(Beginning of Information supplied)

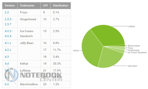 Статистика за январь свидетельствует о том, что среди всех android-версий лидером является Android 4.4 KitKat. Ее процентный показатель составляет 35.5%. Однако, в скором времени все может измениться, ведь ее отрыв от Lollipop совсем мизерный. Так, рыночная доля последней 34.1%. Что касается Marshmallow, то она, в целом, распространяется совсем неплохо. В частности, если сравнить с предыдущими отчетами, то Android 6.0 смогла увеличить свое присутствие почти вдвое. Хотя все относительно, поскольку прошло уже 4 месяца с момента ее выпуска, а до нее обновилось всего 1.2% устройств.
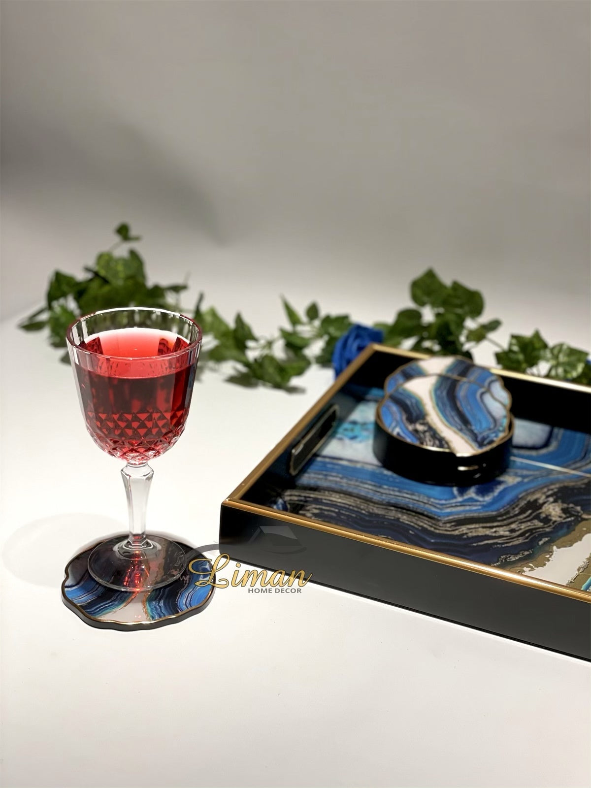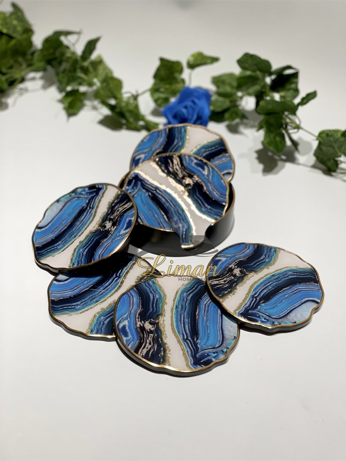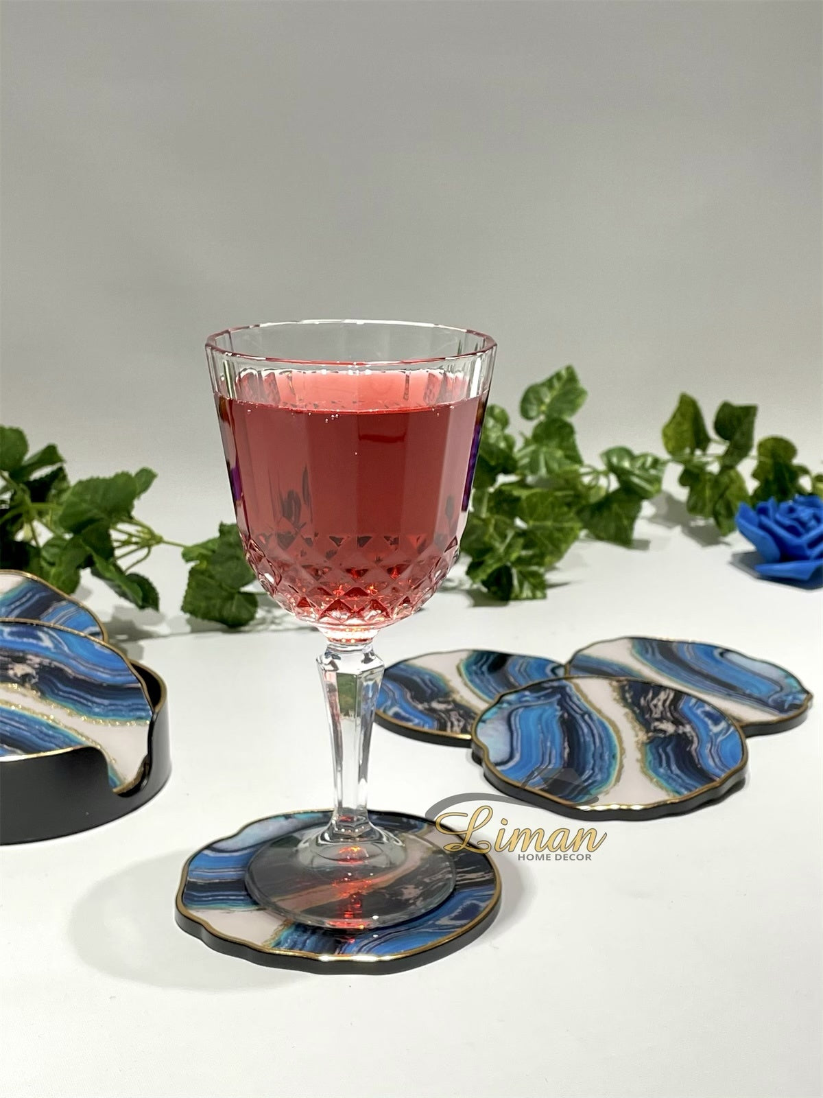 Fugurato Epoxy Style Blauw Marble Glas Onderzetter Met Stand 7 DLG
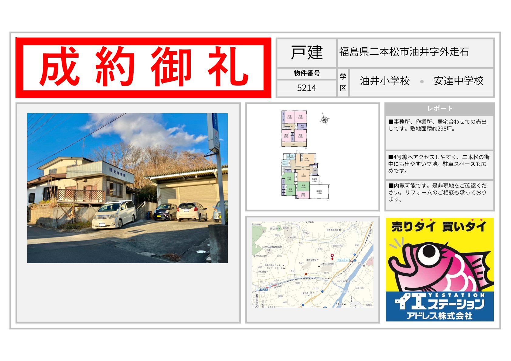 売買実績 | 不動産の売買ならイエステーションアドレス株式会社 エリアを選択 福島県 (1,159) いわき市 (606) 郡山市 (70) 田村市 (17) 田村郡 (27) 福島市 (53) 伊達市 (42) 伊達郡 (24) 二本松市 (48) 南相馬市 (55) 相馬市 (44) 会津若松市 (50) 喜多方市 (61) 耶麻郡 (18) 河沼郡 (14) 大沼郡 (6) 双葉郡 (4) 南会津郡 (1) 本宮市 (5) 相馬郡 (1) 須賀川市 (1) 宮城県 (742) 仙台市 (100) 名取市 (40) 岩沼市 (55) 白石市 (71) 角田市 (79) 柴田郡 (97) 亘理郡 (101) 伊具郡 (28) 塩竈市 (65) 宮城郡 (34) 東松島市 (10) 大崎市 (2) 富谷市 (3) 多賀城市 (7) 刈田郡 (11) 登米市 (1) 石巻市 (28) 遠田郡 (5) 気仙沼市 (1) 黒川郡 (1) 牡鹿郡 (1) 加美郡 (1) 茨城県 (221) 日立市 (76) 北茨城市 (44) 高萩市 (18) 那珂市 (17) ひたちなか市 (15) 常陸太田市 (32) 那珂郡 (4) 東茨城郡 (6) 常陸大宮市 (6) 山形県 (1) 山形市 (1) 2026年02月06日 福島県伊達郡国見町大字藤田字中沢一 2026年02月06日 福島県相馬市小泉字高池 2026年02月06日 福島県福島市町庭坂字中通 2026年02月06日 福島県福島市瀬上町字柳沼 2026年02月06日 茨城県北茨城市磯原町磯原 2026年02月06日 宮城県仙台市青葉区水の森二丁目 2026年02月06日 宮城県東松島市矢本字関の内 2026年02月06日 福島県いわき市平中山字矢ノ倉 2026年02月06日 宮城県仙台市太白区中田二丁目 2026年02月06日 福島県二本松市油井字外走石 2026年02月06日 福島県いわき市平字六人町 2026年02月06日 福島県耶麻郡猪苗代町字鶴峰西 1 / 177123...» 福島県の成約事例宮城県の成約事例茨城県の成約事例山形県の成約事例
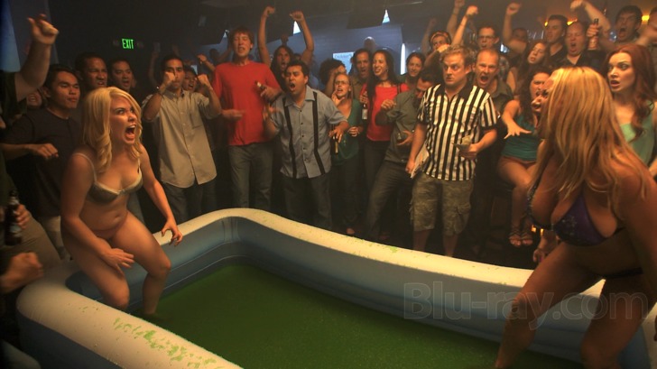 Best Night Ever was shot by Friedberg/Seltzer's usual cinematographer, Shawn Maurer (who also has other credits to his name, e.g. Black Dynamite ). To create the film's homemade video style, Maurer employed a variety of digital cameras, including the Canon AX10, the Panasonic GH2, the GoPro system and the Sony EX3. The four main cast members frequently served as operators, and editor Peck Prior (who also cut Bridesmaids ) had to construct sequences out of various angles to sustain the illusion that the whole thing had been recorded by Zoe's iPhone. The image on Magnolia Home Entertainment's 1080p, AVC-encoded Blu-ray looks far superior to the usual presentation of films made according to the "found video" aesthetic. It no doubt helps that every location in Las Vegas is brightly lit, so that the only sequence with a deliberate "night vision" style occurs in a dumpster (don't ask). And since iPhone cameras are generally top quality, no one seems to have felt the need to degrade the image to sustain the illusion of a video diary. Except in shots that are jerky or breaking up because the person holding the camera is running or falling, the image is generally sharp, and detail is exceptionally good, just slightly less than one would expect from a professional digital capture. Faces in crowds, the sights and sounds of Vegas and the increasingly disheveled state of the four leads are easy to spot. The color reproduction is also impressive; the filmmakers made the correct decision not to intensify the palette in post-production to bring out the glitz of Vegas, but to leave the hues at the level where an iPhone would be likely to record them. The blacks are somewhat underwhelming, but that is consistent with the source and its style. The average bitrate of 23.84 Mbps is a good compromise for this digital film, which has a lot of crazy motion and intentionally "unpredictable" breakup. Scenes like the lengthy sing-a-long (you'll know it when you see it) probably allowed the compressionist to conserve bits for more demanding sequences like the gelatin wrestling.

(End of Information supplied)

What is needed is an exact copy of the lines above from the one with "Fugurato Epoxy Style" to the one with "売買実績 | 不動産の売買ならイエステーションアドレス株式会社", both ends kept, and nothing more; please leave the pictures out.

 Fugurato Epoxy Style Blauw Marble Glas Onderzetter Met Stand 7 DLG
 売買実績 | 不動産の売買ならイエステーションアドレス株式会社 エリアを選択 福島県 (1,159) いわき市 (606) 郡山市 (70) 田村市 (17) 田村郡 (27) 福島市 (53) 伊達市 (42) 伊達郡 (24) 二本松市 (48) 南相馬市 (55) 相馬市 (44) 会津若松市 (50) 喜多方市 (61) 耶麻郡 (18) 河沼郡 (14) 大沼郡 (6) 双葉郡 (4) 南会津郡 (1) 本宮市 (5) 相馬郡 (1) 須賀川市 (1) 宮城県 (742) 仙台市 (100) 名取市 (40) 岩沼市 (55) 白石市 (71) 角田市 (79) 柴田郡 (97) 亘理郡 (101) 伊具郡 (28) 塩竈市 (65) 宮城郡 (34) 東松島市 (10) 大崎市 (2) 富谷市 (3) 多賀城市 (7) 刈田郡 (11) 登米市 (1) 石巻市 (28) 遠田郡 (5) 気仙沼市 (1) 黒川郡 (1) 牡鹿郡 (1) 加美郡 (1) 茨城県 (221) 日立市 (76) 北茨城市 (44) 高萩市 (18) 那珂市 (17) ひたちなか市 (15) 常陸太田市 (32) 那珂郡 (4) 東茨城郡 (6) 常陸大宮市 (6) 山形県 (1) 山形市 (1) 2026年02月06日 福島県伊達郡国見町大字藤田字中沢一 2026年02月06日 福島県相馬市小泉字高池 2026年02月06日 福島県福島市町庭坂字中通 2026年02月06日 福島県福島市瀬上町字柳沼 2026年02月06日 茨城県北茨城市磯原町磯原 2026年02月06日 宮城県仙台市青葉区水の森二丁目 2026年02月06日 宮城県東松島市矢本字関の内 2026年02月06日 福島県いわき市平中山字矢ノ倉 2026年02月06日 宮城県仙台市太白区中田二丁目 2026年02月06日 福島県二本松市油井字外走石 2026年02月06日 福島県いわき市平字六人町 2026年02月06日 福島県耶麻郡猪苗代町字鶴峰西 1 / 177123...» 福島県の成約事例宮城県の成約事例茨城県の成約事例山形県の成約事例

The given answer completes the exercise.